• THE DATA:
──────────────────────────────
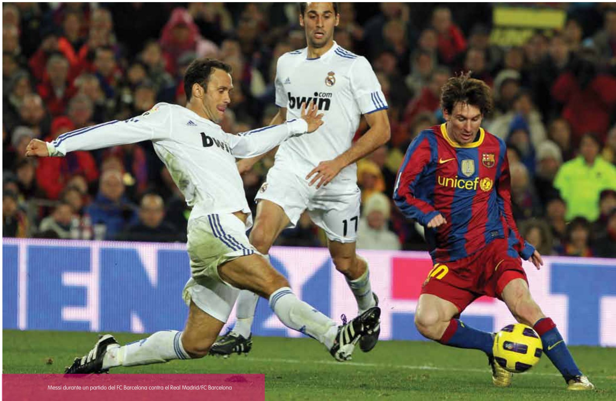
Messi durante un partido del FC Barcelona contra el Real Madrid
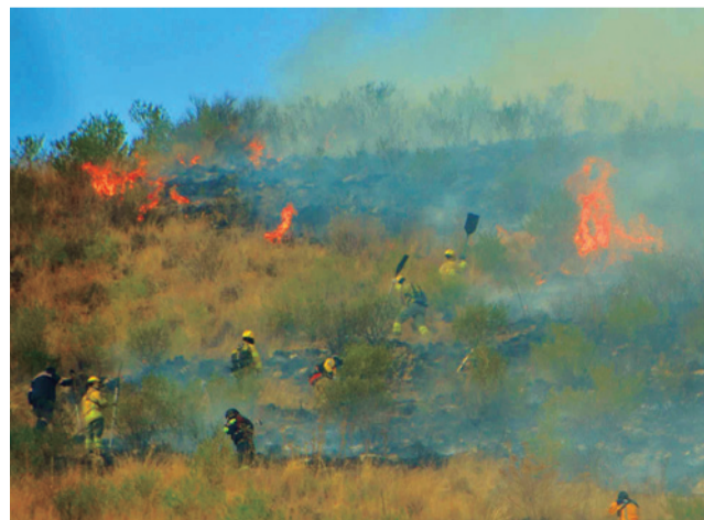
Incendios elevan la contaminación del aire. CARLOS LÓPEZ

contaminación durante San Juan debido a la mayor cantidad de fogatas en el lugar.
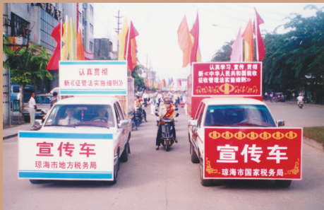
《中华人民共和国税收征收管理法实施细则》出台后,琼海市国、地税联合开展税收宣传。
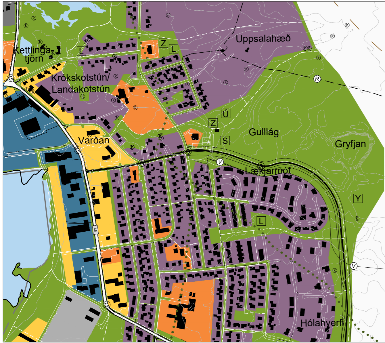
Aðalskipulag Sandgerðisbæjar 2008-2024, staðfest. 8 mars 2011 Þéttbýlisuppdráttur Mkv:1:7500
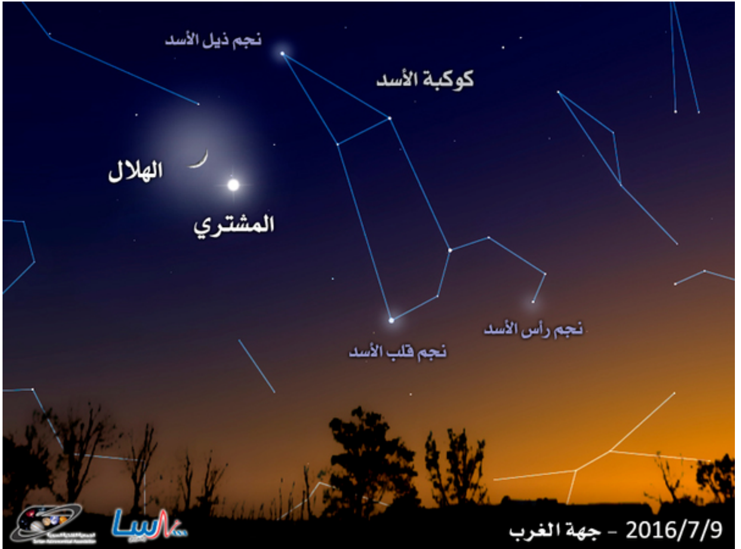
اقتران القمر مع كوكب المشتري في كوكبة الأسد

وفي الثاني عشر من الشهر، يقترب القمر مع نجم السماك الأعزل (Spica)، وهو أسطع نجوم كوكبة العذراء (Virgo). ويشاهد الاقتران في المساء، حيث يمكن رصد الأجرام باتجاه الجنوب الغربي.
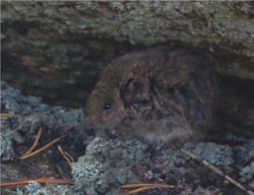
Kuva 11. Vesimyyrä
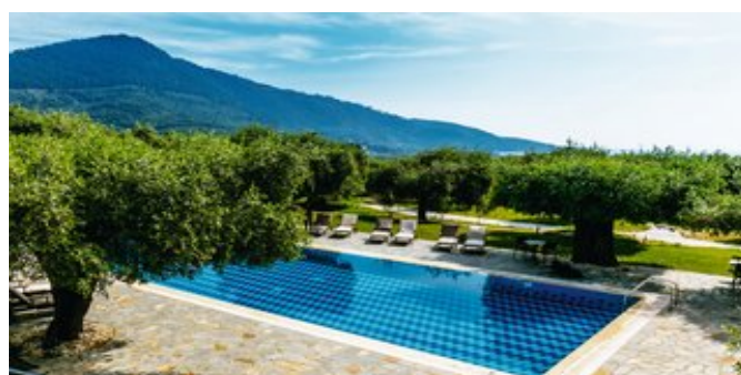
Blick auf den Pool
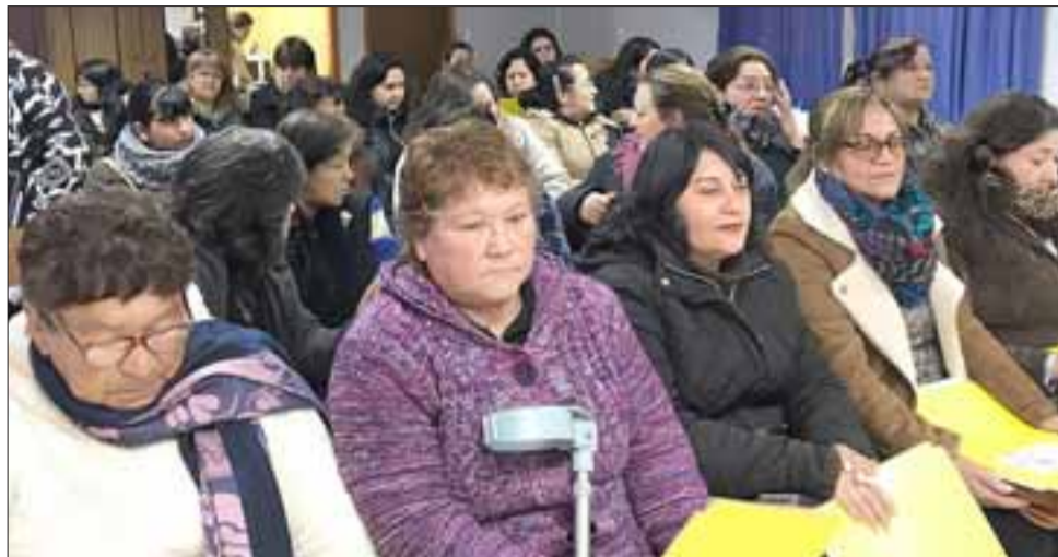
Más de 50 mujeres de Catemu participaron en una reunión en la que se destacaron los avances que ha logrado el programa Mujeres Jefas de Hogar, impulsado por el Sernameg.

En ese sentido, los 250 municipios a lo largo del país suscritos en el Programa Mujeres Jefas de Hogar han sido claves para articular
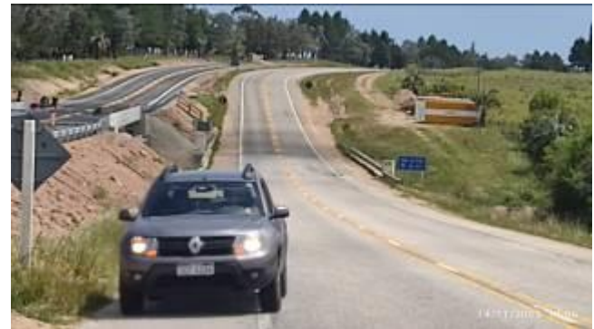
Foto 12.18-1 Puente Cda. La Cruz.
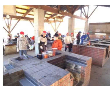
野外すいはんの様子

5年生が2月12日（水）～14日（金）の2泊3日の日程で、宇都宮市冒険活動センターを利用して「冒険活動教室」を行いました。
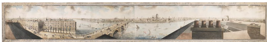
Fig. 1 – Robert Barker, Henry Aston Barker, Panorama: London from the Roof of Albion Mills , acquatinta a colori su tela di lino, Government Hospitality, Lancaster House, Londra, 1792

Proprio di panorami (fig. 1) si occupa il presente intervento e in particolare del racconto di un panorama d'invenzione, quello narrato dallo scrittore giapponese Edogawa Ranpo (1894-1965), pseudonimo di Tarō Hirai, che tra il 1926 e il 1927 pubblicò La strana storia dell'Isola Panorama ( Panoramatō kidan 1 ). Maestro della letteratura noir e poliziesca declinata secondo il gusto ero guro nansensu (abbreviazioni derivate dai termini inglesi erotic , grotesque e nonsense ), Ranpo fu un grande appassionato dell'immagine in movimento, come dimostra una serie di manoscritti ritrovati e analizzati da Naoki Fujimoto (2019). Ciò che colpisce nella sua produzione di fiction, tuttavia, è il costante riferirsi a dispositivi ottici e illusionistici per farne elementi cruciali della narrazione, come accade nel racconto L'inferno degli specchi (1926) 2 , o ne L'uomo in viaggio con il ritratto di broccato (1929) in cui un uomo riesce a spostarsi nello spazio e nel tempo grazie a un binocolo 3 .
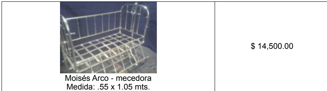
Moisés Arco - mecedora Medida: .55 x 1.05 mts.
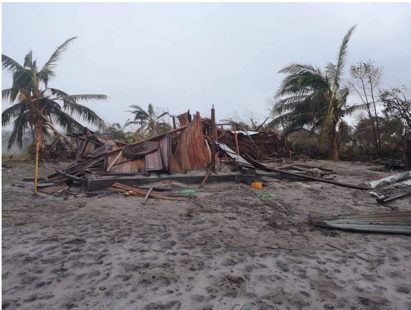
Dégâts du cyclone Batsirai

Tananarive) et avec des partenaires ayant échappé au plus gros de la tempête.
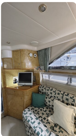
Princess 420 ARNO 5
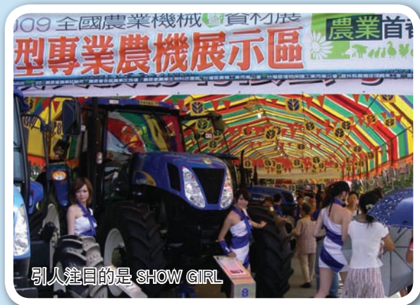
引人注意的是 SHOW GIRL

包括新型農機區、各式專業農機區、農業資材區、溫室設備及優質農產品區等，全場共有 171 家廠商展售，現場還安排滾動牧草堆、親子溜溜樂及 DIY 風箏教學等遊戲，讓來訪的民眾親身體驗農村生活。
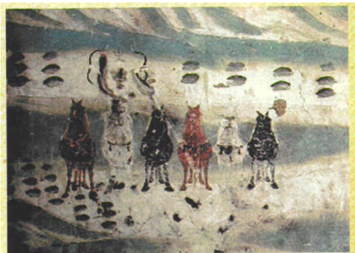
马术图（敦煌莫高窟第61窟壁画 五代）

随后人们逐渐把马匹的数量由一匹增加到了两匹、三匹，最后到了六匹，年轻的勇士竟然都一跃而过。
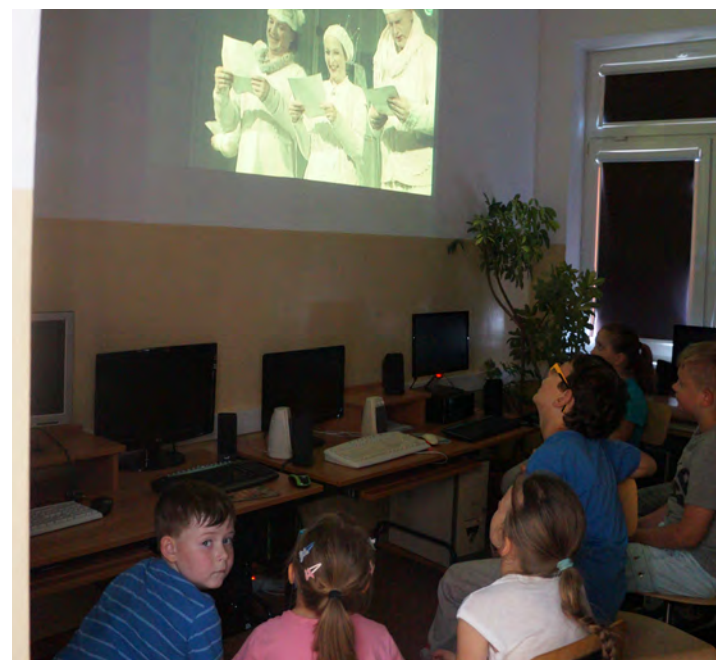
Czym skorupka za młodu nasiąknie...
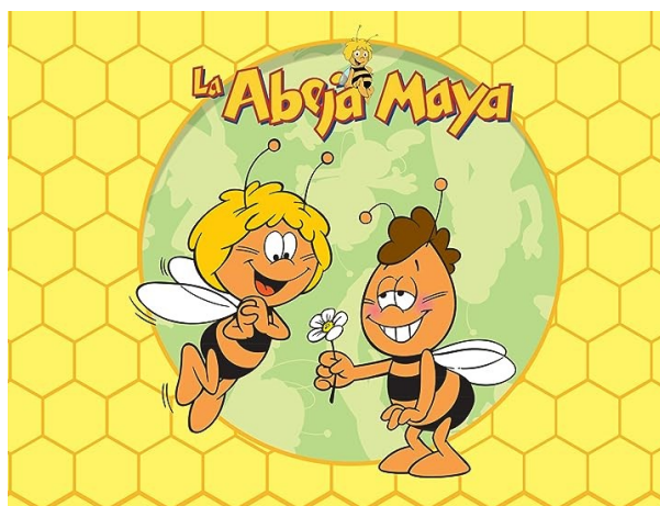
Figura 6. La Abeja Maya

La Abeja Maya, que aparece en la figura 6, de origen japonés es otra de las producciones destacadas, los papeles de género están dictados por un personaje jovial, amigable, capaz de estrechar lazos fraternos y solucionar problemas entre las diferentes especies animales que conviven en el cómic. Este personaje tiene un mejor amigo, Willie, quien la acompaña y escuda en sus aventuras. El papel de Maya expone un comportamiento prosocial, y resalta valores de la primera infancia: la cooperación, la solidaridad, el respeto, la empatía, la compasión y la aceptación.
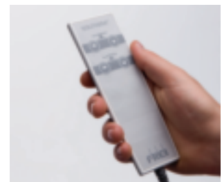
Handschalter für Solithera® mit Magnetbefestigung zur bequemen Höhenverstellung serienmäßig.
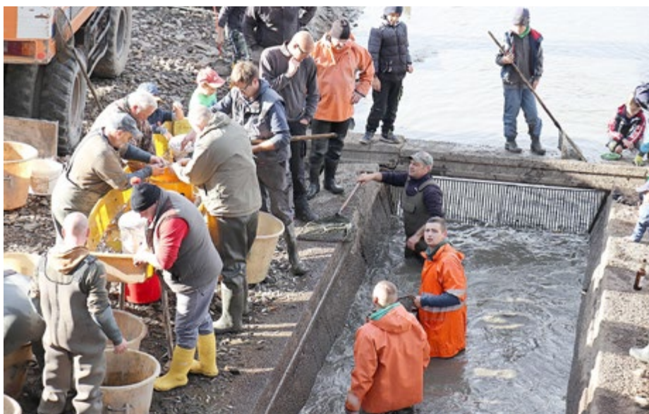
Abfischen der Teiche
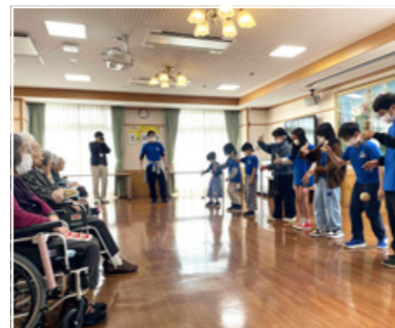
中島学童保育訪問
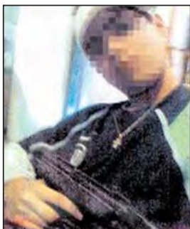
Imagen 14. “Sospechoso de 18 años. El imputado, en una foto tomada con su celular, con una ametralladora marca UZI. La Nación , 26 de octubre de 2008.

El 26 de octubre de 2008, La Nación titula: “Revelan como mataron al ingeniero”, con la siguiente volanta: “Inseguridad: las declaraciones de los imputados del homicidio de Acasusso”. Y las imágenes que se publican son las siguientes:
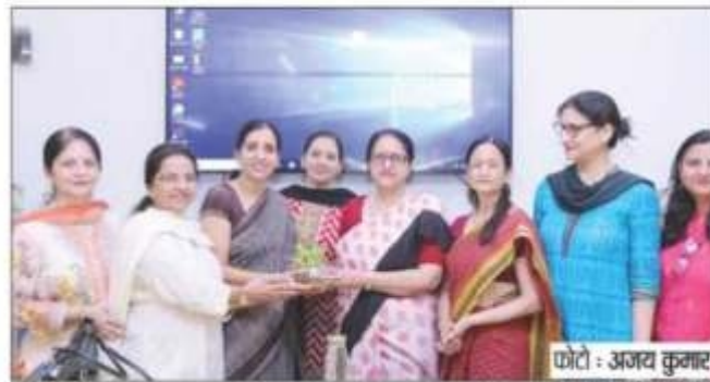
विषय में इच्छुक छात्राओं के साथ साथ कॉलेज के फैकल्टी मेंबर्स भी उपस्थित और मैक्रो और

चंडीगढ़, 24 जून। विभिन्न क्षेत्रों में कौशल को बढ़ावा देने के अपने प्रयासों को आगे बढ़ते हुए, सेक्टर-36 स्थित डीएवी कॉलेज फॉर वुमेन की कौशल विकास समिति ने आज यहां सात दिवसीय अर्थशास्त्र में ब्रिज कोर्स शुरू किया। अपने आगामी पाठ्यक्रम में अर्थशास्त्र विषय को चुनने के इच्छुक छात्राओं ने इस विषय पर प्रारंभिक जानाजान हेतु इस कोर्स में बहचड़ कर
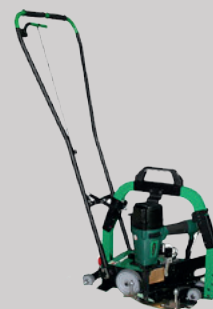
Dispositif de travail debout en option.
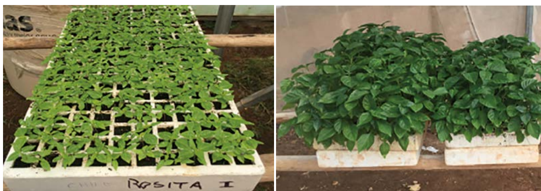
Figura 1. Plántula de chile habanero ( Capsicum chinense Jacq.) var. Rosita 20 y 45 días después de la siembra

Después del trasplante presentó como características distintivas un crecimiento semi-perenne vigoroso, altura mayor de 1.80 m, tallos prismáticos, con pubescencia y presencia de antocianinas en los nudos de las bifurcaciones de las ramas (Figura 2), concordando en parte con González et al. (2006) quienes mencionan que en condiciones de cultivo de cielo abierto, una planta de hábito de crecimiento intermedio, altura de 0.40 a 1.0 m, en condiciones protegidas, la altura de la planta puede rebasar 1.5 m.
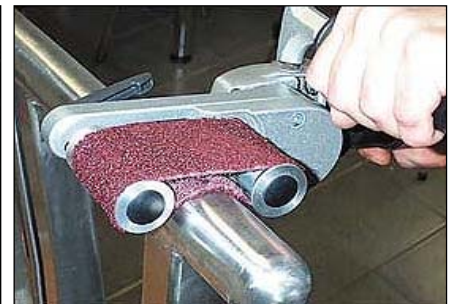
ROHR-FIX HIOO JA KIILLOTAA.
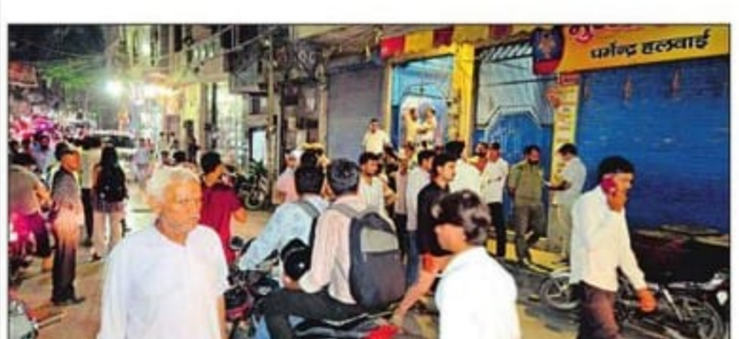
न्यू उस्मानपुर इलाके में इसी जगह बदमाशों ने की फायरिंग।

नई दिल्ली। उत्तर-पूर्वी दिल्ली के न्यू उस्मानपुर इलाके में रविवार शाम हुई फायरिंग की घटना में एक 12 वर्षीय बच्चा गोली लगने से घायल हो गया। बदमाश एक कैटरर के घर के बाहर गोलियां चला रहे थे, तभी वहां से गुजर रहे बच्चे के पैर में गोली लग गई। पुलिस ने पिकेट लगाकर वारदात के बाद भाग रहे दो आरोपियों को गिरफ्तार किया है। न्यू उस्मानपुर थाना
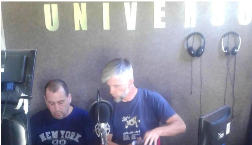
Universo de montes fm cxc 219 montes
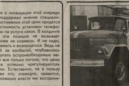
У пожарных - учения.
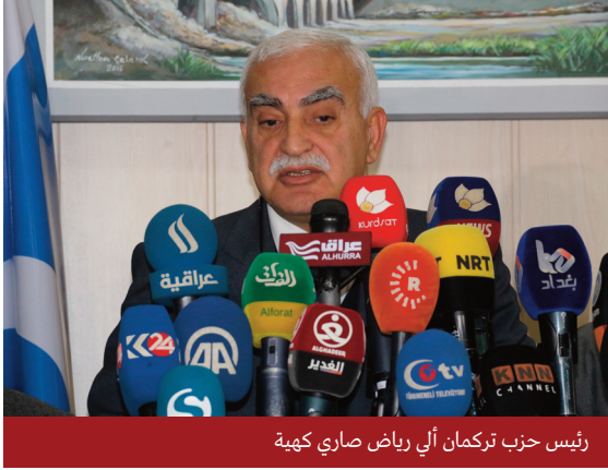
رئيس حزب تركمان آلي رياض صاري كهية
──────────────────────────────
Among the entries above, locate the line with "octubre de 2008." and the line with "विषय में इच्छुक". Give those two lines and all lines between them again, exactly, leaving out the pictures.

Imagen 14. “Sospechoso de 18 años. El imputado, en una foto tomada con su celular, con una ametralladora marca UZI. La Nación , 26 de octubre de 2008.

El 26 de octubre de 2008, La Nación titula: “Revelan como mataron al ingeniero”, con la siguiente volanta: “Inseguridad: las declaraciones de los imputados del homicidio de Acasusso”. Y las imágenes que se publican son las siguientes:
विषय में इच्छुक छात्राओं के साथ साथ कॉलेज के फैकल्टी मेंबर्स भी उपस्थित और मैक्रो और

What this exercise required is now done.